Le baromètre 2019 des rémunérations des directions juridiques et des juristes d'entreprise témoigne de la satisfaction personnelle des directeurs et juristes d'entreprise et révèle une hausse des salaires.
La nouvelle enquête sur les juristes d'entreprise et leur rémunération, menée par Squaremetric pour le compte de l’AFJE et du Cercle Montesquieu, vient d’être dévoilée. Elle met en exergue une hausse globale des rémunérations et confirme l'attractivité de la profession.
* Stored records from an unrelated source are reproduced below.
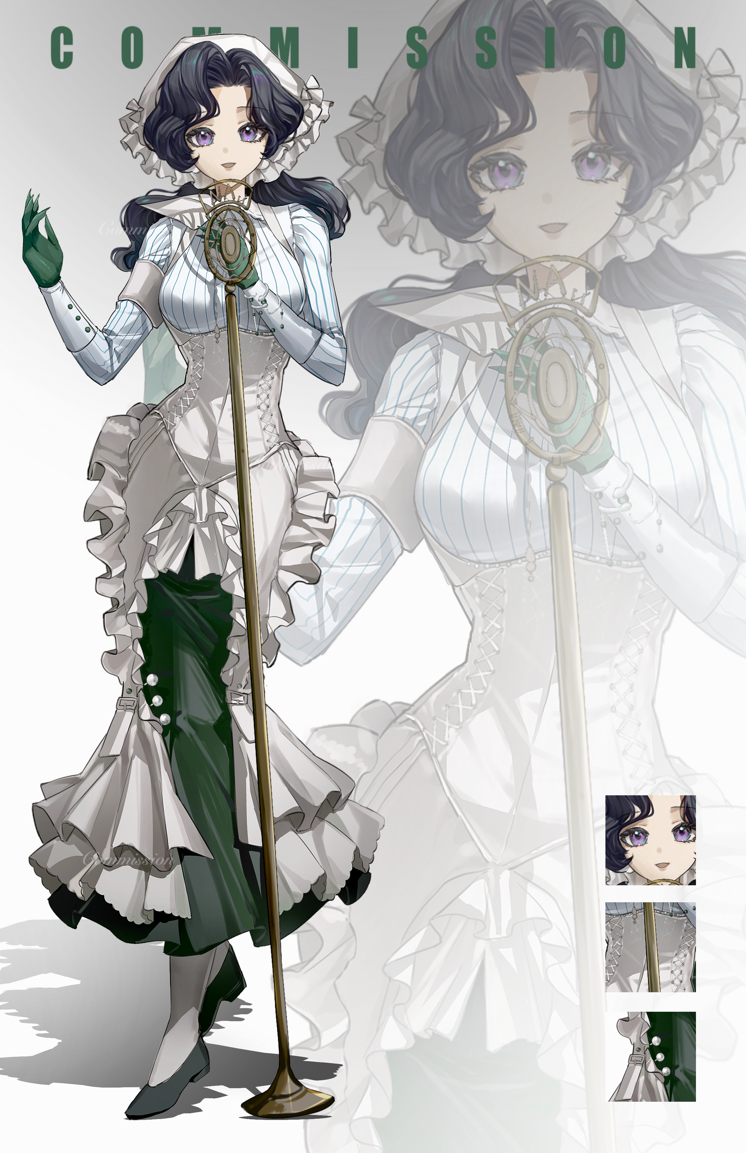 1girl :d absurdres anjo_nala black_hair black_shoes black_skirt breasts coif corset full_body gloves green_gloves grey_background hands_up hat highres large_breasts long_hair long_skirt looking_at_viewer microphone microphone_stand neckerchief open_mouth pantyhose pinstripe_pattern pinstripe_shirt purple_eyes reverse:1999 shirt shoes skirt smile striped_clothes striped_shirt vertical-striped_clothes vertical-striped_shirt vintage_microphone white_corset white_hat white_neckerchief white_pantyhose white_shirt yushu_eureka zoom_layer
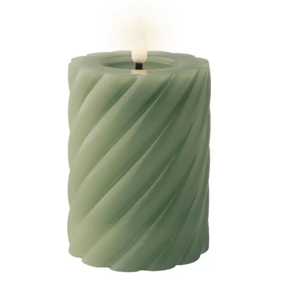 De luxe LED kaars/stompkaars is een elegante en stijlvolle kaars met gedraaide look. Deze LED kaars is groen van kleur en heeft een afmeting van D7,5 x H12,3 cm. De kaars is voorzien van een 6/18 uurs timer, waarmee je de verlichting kunt instellen op een tijd die je wilt. De LED verlichting is energiezuinig en geeft een warm wit, gezellig licht. Geschikt voor binnen. Voeding: 2 AA batterijen (niet inbegrepen. IP20. 250 werkuren.
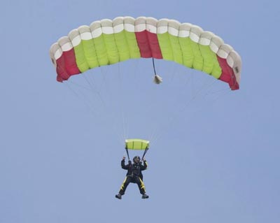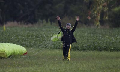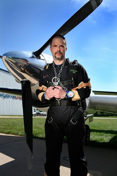 بدلکار 47 ساله که از 6 سالگی نزد پدرش مهارتهای بدل کاری را یاد گرفته، در حالی که در 70 مایلی جنوب غرب شیکاگو کمربندی نیز بدور بدنش پیچیده شده بود، از ارتفاع 4410 متری به پایین پرید.
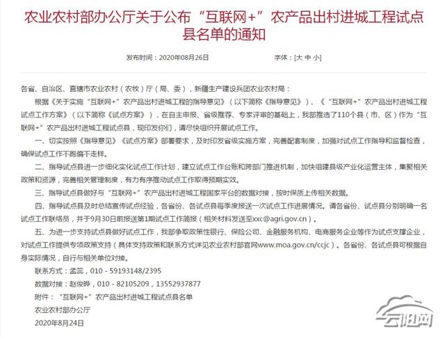 目前,根据相关要求,在自主申报、省级推荐、专家评审的基础上,农业农村部推选了110个县(市、区)作为“互联网+”农产品出村进城工程试点县,要求尽快组织开展“互联网+”农产品出村进城工程试点县试点工作。
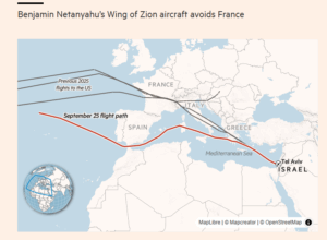 Το αεροπλάνο του Ισραηλινού Πρωθυπουργού, Βενιαμίν Νετανιάχου, ακολούθησε μια ασυνήθιστη διαδρομή προς τη Νέα Υόρκη, την Πέμπτη, παρακάμπτοντας αρκετές ευρωπαϊκές χώρες καθ’ οδόν προς τη Γενική Συνέλευση των Ηνωμένων Εθνών.
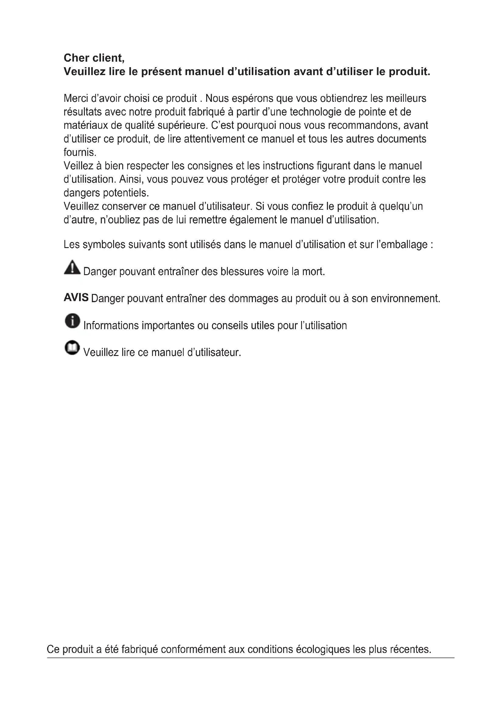 DFI 46707 DFI 46708 DFI 46709 DFI 46750Les symboles suivants sont utilisés dans le manuel d’utilisation et sur l’emballage : Danger pouvant entraîner des blessures voire la mort. AVIS Danger pouvant entraîner des dommages au produit ou à son environnement. Informations importantes ou conseils utiles pour l’utilisation Veuillez lire ce manuel d’utilisateur. Cher client, Veuillez lire le présent manuel d’utilisation avant d’utiliser le produit. Merci d’avoir choisi ce produit . Nous espérons que vous obtiendrez les meilleurs résultats avec notre produit fabriqué à partir d’une technologie de pointe et de matériaux de qualité supérieure. C’est pourquoi nous vous recommandons, avant d’utiliser ce produit, de lire attentivement ce manuel et tous les autres documents fournis. Veillez à bien respecter les consignes et les instructions figurant dans le manuel d’utilisation. Ainsi, vous pouvez vous protéger et protéger votre produit contre les dangers potentiels. Veuillez conserver ce manuel d’utilisateur. Si vous confiez le produit à quelqu’un d’autre, n’oubliez pas de lui remettre également le manuel d’utilisation. Ce produit a été fabriqué conformément aux conditions écologiques les plus récentes.TABLE DES MATIÈRES

« Ce qui m’a frappée dans cette enquête, c’est la concordance des différentes données démontrant l’attractivité croissante des métiers juridiques en entreprise, commente Laëtitia Ménasé, directrice juridique chez Canal +. Elle met également en évidence que ces métiers constituent un vrai choix de carrière, assumé, avec des trajectoires balisées. J’ai été particulièrement étonnée et réconfortée par le niveau de satisfaction des juristes dans l’exercice de leur métier. »
Des salaires en hausse
En 2019, le salaire médian est de 64.000 € (+5 000 € par rapport à 2015, soit un peu plus de 8 % d’augmentation). La moyenne de la rémunération des juristes en France est, quant à elle, de 78 512 € contre 67 791 € en 2015 (soit près de 16 % d’augmentation). À noter que les postes à responsabilités et de direction ont plus largement bénéficié de la croissance des salaires sur les quatre dernières années.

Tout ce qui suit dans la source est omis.